I compile something basic. Strip out unnecessary configs (no interest in my printer thinking it’s a CNC).

And…

  • Motion works
  • Hotend heats

We have success.

I loosely assemble everything and move on to the extruder.

disassemble the old extruder, grab the new one…

…and it doesn’t fit.

The filament tensioner is off.

Turns out:

  • I picked a mount with extra support (good idea)
  • But my extruder is a V2
  • The mount is for V1

Also—the holes don’t line up (likely because I’m on the Max model—less common, fewer parts available).

Sit. Stare. Fume. Sleep.

Next day:

I come back and brute-force it.

  • Drill out mounting holes (thankfully overbuilt, lots of plastic to work with)
  • Trim support with pliers
  • Heat up dental picks and melt custom holes where I need them

It’s janky.

It works.

(Later I jumped into Fusion to design my own mount—still WIP. Could’ve used Tinkercad, but I want to learn something more serious.)

Right now though:

I just need it to print well enough to print better parts.

Solid.

  • Found placement for BLTouch
  • Figured out fan layout

I have a plan.

Time to wire.

Lesson number 2

I mentioned earlier I needed to extend cables.

So I grab pliers, snip—

SPARK.

Always. Always always always check if the printer is powered on.

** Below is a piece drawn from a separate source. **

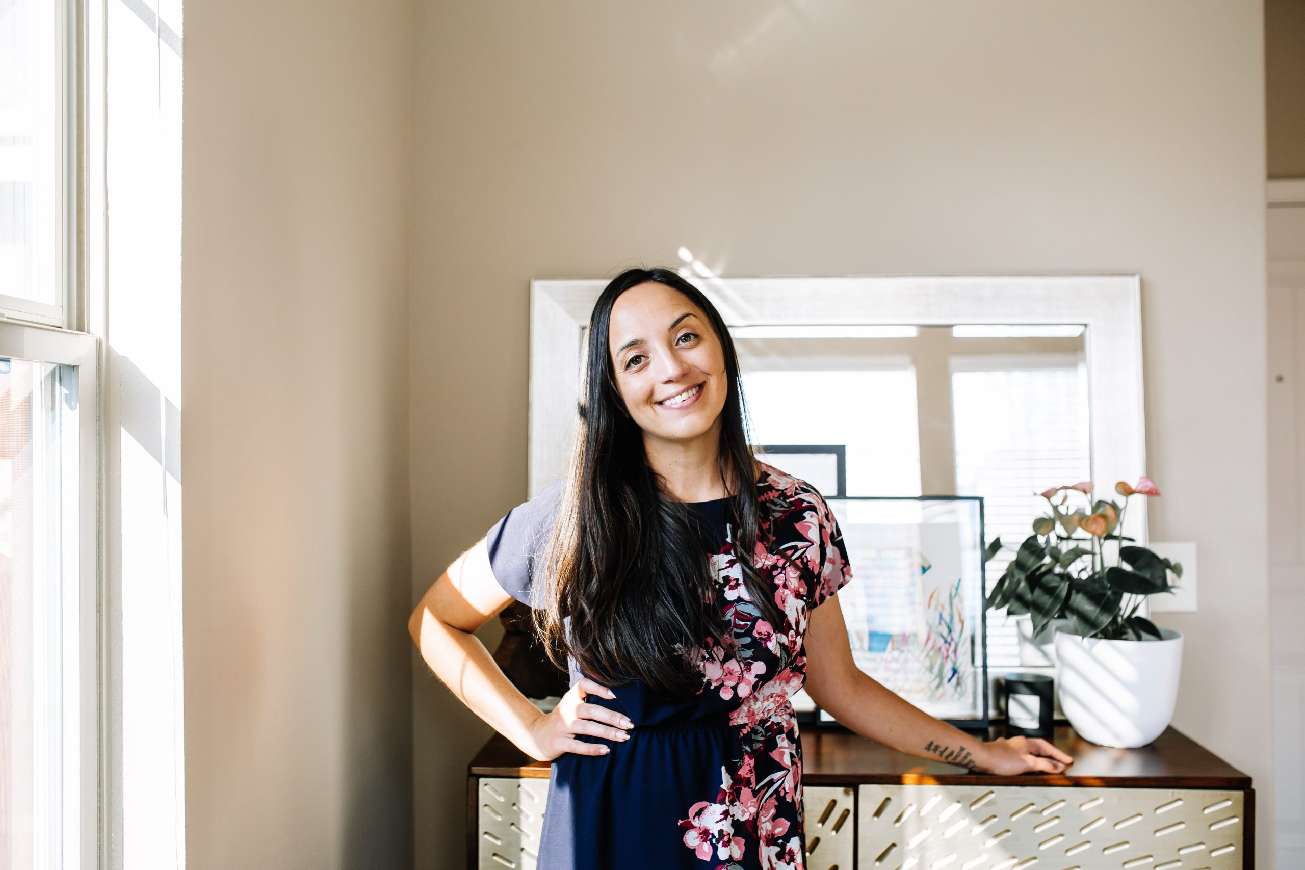 A woman in a floral dress smiling at the camera, with a plant and mirror in the background.

Hotend and thermistor lines are live (24V / 12V).

I got lucky:

  • Insulated grips
  • Didn’t shock myself

But sparks and smoke? Very real.

Thankfully—nothing seems damaged.

Power off.

  • Wire extruder
  • Wire fan
  • Wire thermistor
  • Install BLTouch

Boots fine. Firmware recognizes it. OctoPrint connects.

Probe self-tests—nice. Solid metal pin too.

I’m optimistic.

Then:

  • Probe moves wrong direction
  • Homing fails
  • BLTouch does… nothing

Back to:

Google → Reddit → AI → terminal commands

Sensor readings are… not right.

Then I notice:

The new cable is different.

I had reused the old one.

Try the new cable.

Nothing.

Back to old one → wiggle → works (mostly).

Google again:

  • New cable = configurable pins
  • Old cable = idiot-proof

(I can confirm: idiot-proof matters.)

I try rearranging pins…

Wrong config.

BLTouch smokes.

Cool.

Good thing I still have the old one.

Where things stand

Everything is wired and functional (mostly).

Next steps:

  • Clean cables
  • Close enclosures
  • Print better hardware

Current limitation

I have:

  • Working extruder
  • No part cooling

Luckily:

  • Printing PETG → tolerates low cooling
  • Can compensate with slower speeds

Half the printer is still exposed—but zip-tied enough to function.